According to Victor Villalobos Arambula, the head of the Ministry of Agriculture and Rural Development (Sader), the implementation of the T-MEC Treaty between Mexico, the United States, and Canada and the rearrangements in the production of food caused by the pandemic will lead to a growth in Mexico's agricultural production that could force the country to import labor.

In an interview with El Economista, Villalobos said that there were currently 7 to 9 million agricultural laborers in the country, which wasn't enough to satisfy the agricultural sector's demand for labor.

According to the federal official, there is a high demand for strawberries, berries, table grapes, and asparagus, among other products, in the national and international markets. These fruits and vegetables are currently mainly grown in the country's central and northern states. As a result, every year agricultural laborers from the southern states, mostly from Chiapas, Oaxaca, and Guerrero, travel to work in the plantations of Sonora, Sinaloa, San Luis Potosi, and Guanajuato.

This workforce is very important to farmers; the success of large investments in highly specialized greenhouses, for example of blueberries, which require more than one million dollars in investments per hectare, depends on the workers' availability.

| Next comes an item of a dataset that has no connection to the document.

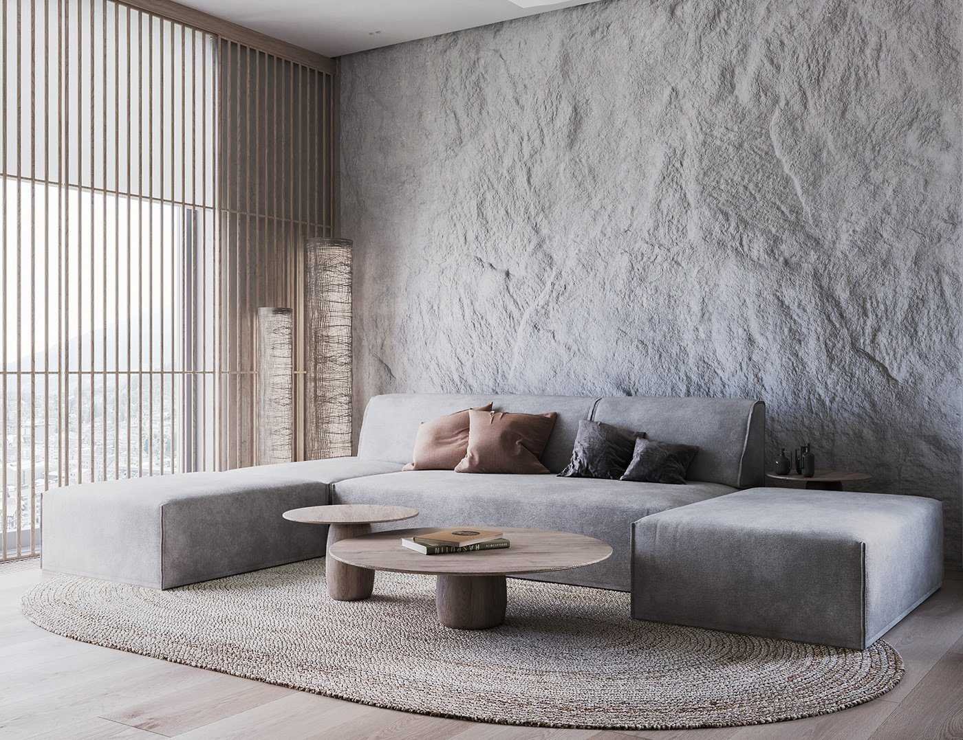 Серый камень в интерьере
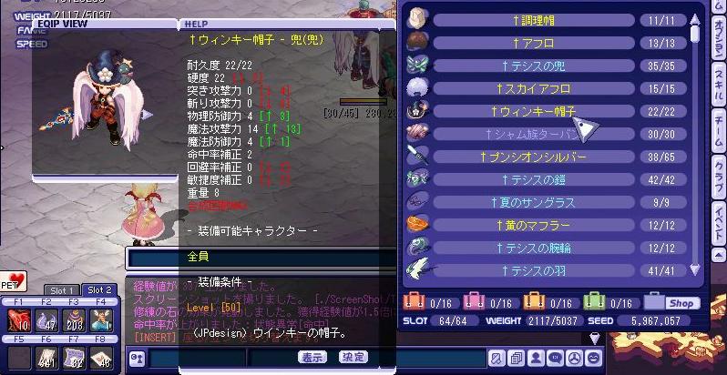 いやーーーーー!!久々のモアイ仮面wwこいつを見せ売りしてしまった時からネタ装備がアフロ位しかなく物足りなかったのですが・・今度は間違って店売りしないようにしないとな;

However, the sector could soon need to import its workforce from abroad because the country's federal government has deployed a series of public policies aimed at supporting laborers in their communities of origin, through the implementation of tropical crop programs that generate employment for the local workforce.

"We have been taking steps to establish companies in the south that generate development chains there so that workers don't have to move from the south to the north," he said.